In short, caregivers can give you all the evidence you need: people do not care about care.

Two years ago, I wrote that we were all caregivers as long as we put the needs of others ahead of ourselves; what I left out was that walking this path was probably going to isolate us sooner or later. Not because staying home can be lonely (though sometimes, yes), not because wearing a mask creates emotional distance from strangers and friends alike (is this even true?), but because the devotion to others’ wellness is out of place. It isn’t deviant enough to be criminalized, it isn’t photogenic enough to muster a lot of charity services, it’s just an awkward fit for this society, built on awkward language and half-measured responses.

I don’t want to end on a down note, but I don’t want to cushion this harsh concept, either. Many people with experience being marginalized have learned nothing new here (except perhaps that I count the days since my family went into near-isolation), but my hope is that those with experience caring even when it was inconvenient and those who are appalled at the recent surrender to “everyone will get it eventuallypolicies over COVID-19 will realize they have unlikely allies in those who already know what community is really about: it’s not about who you see on Sundays; it’s not about who you call for a cup of sugar; community is about those whose survival is materially connected with your own and the processes that deepen, strengthen, and coordinate such connections to make members stronger against what’s ahead.

A sizable portion of people in the U.S. have yet to contract the coronavirus (and some sizable chunk of those who have gotten it were careful yet unlucky). That tells me, just like the dementia care statistics I revisit annually, that there are far too many of us to be truly isolated. Whether because of our own vulnerable health, the health of a loved one, or a knowledge of public health that is actually matched by adaptation, many of us have continued doing our best despite diminishing support and no end of mixed signals. That’s not isolation, that’s a majority.

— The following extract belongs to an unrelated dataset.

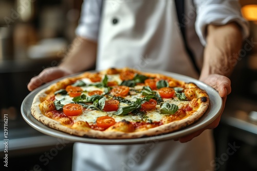 Professional chef presenting a freshly baked margherita pizza, garnished with basil and cherry tomatoes

If you don’t have the bandwidth to do any more, just keep doing what you’re doing and being unashamed by those who want to ridicule you for caring. If you do have a little more time and energy, spend it checking on your immunocompromised or otherwise isolated friends; it’s never too late to start that mutual aid group, dinner delivery team, or driveway messaging program you wanted all the way back in 2020. If you have a lot more time and energy, spend it talking to your local, state, and federal officials and let them know that just because opposition is loud that does not mean it is numerous, powerful, or accurate. If you’re done with officials, take up some reading or skill-building and talk with your community about what you learn. If you find yourself wavering a little, look up the findings on what happened to the cities that did and did not take the influenza pandemic of 1918 seriously. If you’re tired, now’s a good time to rest and regroup; we’ll be lucky if we’re only halfway through the pandemic at this rate, but at least we have some calm to regroup before the next strain hits. If you’re wired, do something that brings you joy — I insist!

And if you’re lonely, call up a caregiver. I bet they know what you’re going through.